4. Анализ изображений

  1. Анализируйте полученные изображения с помощью программного обеспечения для анализа изображений и электронных таблиц (например, Image-Pro Plus и Excel 2010).
  2. Выберите два вертикальных диаметра из протопластов для расчета интенсивности флуоресценции(дополнительный рисунок S2). Измеряли интенсивность флуоресценции всех протопластов при различных методах лечения. Для окончательной обработки используйте программное обеспечение для редактирования фотографий.

5. Статистический анализ

  1. Выполнение статистического анализа с помощью статистического программного обеспечения(дополнительный рисунок S3). Данные представлены в средней ± УР. Тест студента t-testиспользовался для анализа различий между экспериментальными группами.

Subscription Required. Please recommend JoVE to your librarian.

Representative Results

Следуя описанному выше протоколу, мы использовали ферментативный метод для получения жизнеспособных протопластов из пульпы(рисунок 1). Некоторые протопласты имели вакуоли, в то время как другие этого не делали. В то время как протопласты не проявляли флуоресценции, когда флуоресцентный индикатор Ca2+ не был загружен в них. Когда Fluo-4/AM был загружен в протопласты, цитоплазма, но не вакуоль, стала флуоресцентной(рисунок 2). Этот результат показал, что Fluo-4/ AM успешно окрашивал Ca2+ в цитоплазме и что не наблюдалось компартментализации24. Протопласты окрашивали FDA в течение 5 мин и показывали цитоплазматическую флуоресценцию. Это указывало на то, что высокая температура (37 °C) не влияет на жизнеспособность протопласта.

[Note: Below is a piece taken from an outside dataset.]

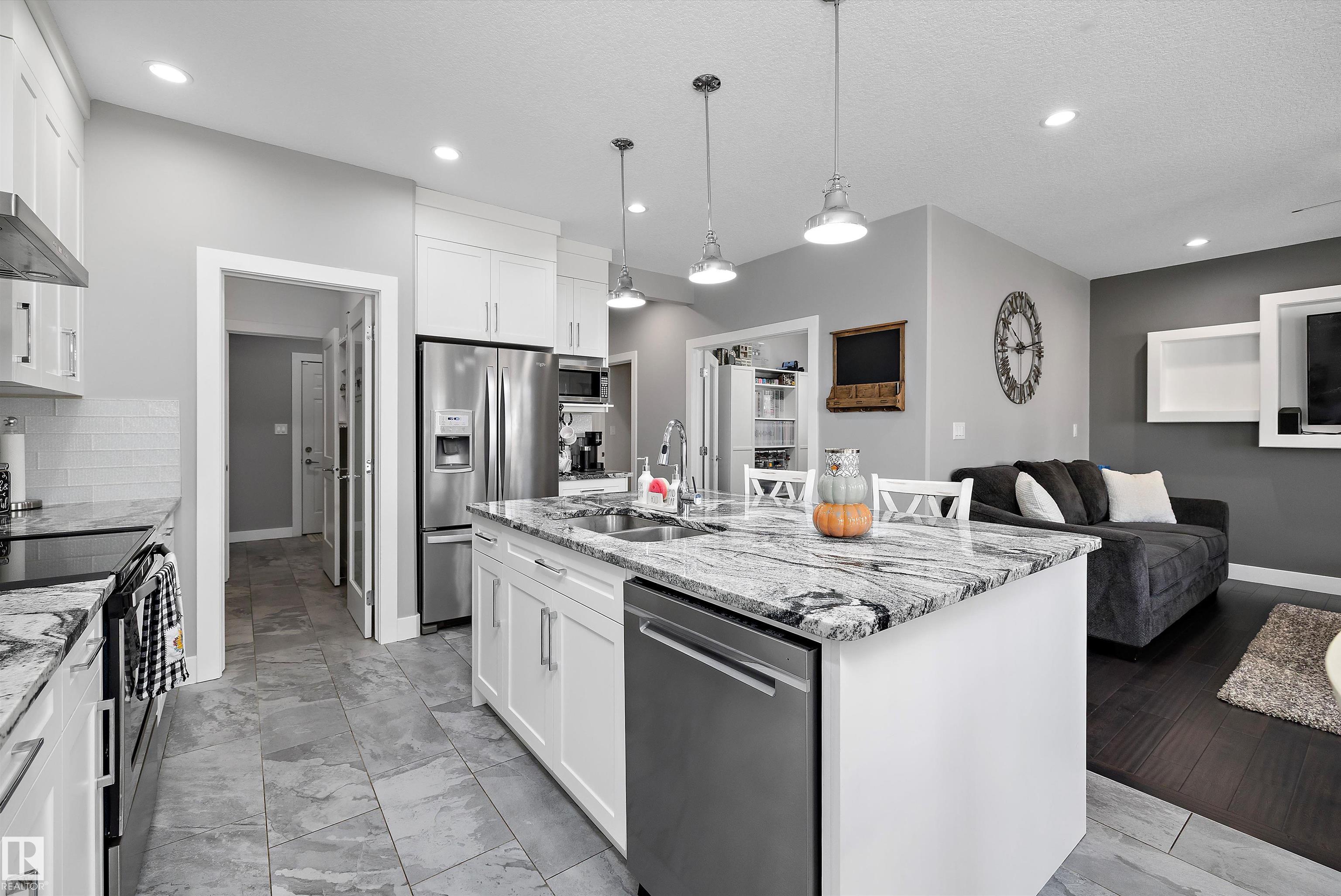 SHOWS LIKE NEW AND FACES GREEN SPACE AND PLAYGROUND! Welcome home to 162 Woodbridge Link, which is PERFECT FOR FAMILILES. Amazing layout featuring 4 bedrooms upstairs plus bonus room (overlooking park), main floor office/flex room, and open concept design with stunning chef's kitchen! Main floor features hardwood and tile flooring, 9 foot ceilings, large mudroom and walk thru pantry, granite counters and s/s appliances in white kitchen. Large living room with fireplace for winters, and has A/C for the hot summers. This house looks barely lived in! Upstairs boasts large primary suite with w/in closet and spa-like ensuite with jacuzzi tub. 3 more bedrooms upstairs, plus gorgeous 4 piece bath are all a great size and the bonus room is ideal for kids. SEPARATE ENTRANCE to basement which has 3 large windows and 9 foot ceilings, making it easy to put in basement suite. Large insulated double garage. Fenced yard with deck w/ gas line. Perfectly located only blocks to the river valley this home is a must see!

La3+,блокирующий агент канала Ca2+ 25,был добавлен при загрузке Fluo-4/AM в протопласты. При 100 мкМ La3+ снижала интенсивность флуоресценции кальция(рисунок 3).

Figure 1
Рисунок 1:Протопласты, полученные ферментативным гидролизом. (А)Кусок вырезали из зрелого яблока. (B) Протопласты были извлечены из кусков целлюлозы. (C) Мякоть разрезали на 10 × 5 × 1 мм3 куска. (D)Куски целлюлозы помещали в центрифужные трубки, содержащие 0,5 мл раствора фермента. (E) Протопласты. Наконечники стрел указывают на протопласт, а стрелки указывают на вакуоль в протопласте. (F)Протопласты окрашивали FDA в течение 5 мин при комнатной температуре. (Этот рисунок был изменен из ссылки 22 [Исследования в области садоводства: загрузка флуоресцентных зондов кальция в протопласты для обнаружения кальция в клетках плотской ткани Malus domestica]. Пожалуйста, нажмите здесь, чтобы просмотреть увеличенную версию этого рисунка.

Figure 2
Рисунок 2:Загрузка Fluo-4/AM и La3+ в протопласты. (A) Контроль: Интактный протопласт без какого-либо загруженного флуоресцентного зонда. (B) Протопласты, загруженные Fluo-4/AM. (C) La3+ был добавлен, когда протопласты были загружены Fluo-4 / AM. Окончательная концентрация La3+ составила 100 мкМ. Пожалуйста, нажмите здесь, чтобы просмотреть увеличенную версию этого рисунка.

Figure 3
Рисунок 3:Статистический анализ интенсивности флуоресценции в протопластах. Укажите существенную разницу в соответствии с t-тестом стьюдента (P <0,001). Вертикальные полосы указывают ± SD. Каждая точка данных представляет собой среднее значение 20 протопластов. Пожалуйста, нажмите здесь, чтобы просмотреть увеличенную версию этого рисунка.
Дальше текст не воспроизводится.